In the JAX/Flax implementation provided above, you’ll notice that we utilized the @nn.compact decorator to consolidate the initialization and forward pass within the __call__ method for both the MLP and Block classes. However, we opted to separate the initialization process using the setup method and the forward pass using the __call__ method in the GPT class. One notable distinction between PyTorch and Flax lies in the specification of weight tying, which involves sharing weights between the embedding layer and the output layer (language model head). This practice is beneficial as both matrices often capture similar semantic properties. In PyTorch, weight tying is accomplished using self.transformer.wte.weight = self.lm_head.weight, while Flax achieves this using the self.wte.attend method. Additionally, in JAX, it’s necessary to explicitly specify a random number generator key when introducing randomness, a step that’s unnecessary in PyTorch.

The optimizer#

Optimizers play a crucial role in training deep learning models by defining update rules and strategies for adjusting model parameters. They can also integrate regularization techniques like weight decay to prevent overfitting and enhance generalization.

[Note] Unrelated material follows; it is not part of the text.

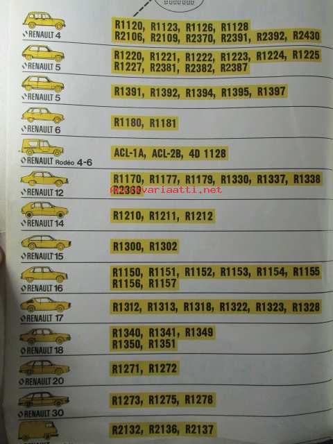 Renault 4/5/6/4-6 Rodeo /12/14/15/16/17/18/20//30 Renault Estafette - P.R. 900 1980 - Varaosaluettelo, katso sisältö kuvista tarkemmin

Some popular optimizers include

  • Stochastic Gradient Descent (SGD) with Momentum: This optimizer introduces a momentum term to accelerate parameter updates in the direction of recent gradients.

  • Adam: Adam combines the advantages of momentum and root-mean-square (RMS) propagation, dynamically adjusting the learning rate for each parameter based on the moving averages of gradients and squared gradients.

  • AdamW: A variant of Adam that incorporates weight decay, often employed in various deep learning tasks.

In training large language models (LLMs), it’s common practice to selectively apply weight decay to layers involved in matrix multiplications (explained by Andrej Karpathy).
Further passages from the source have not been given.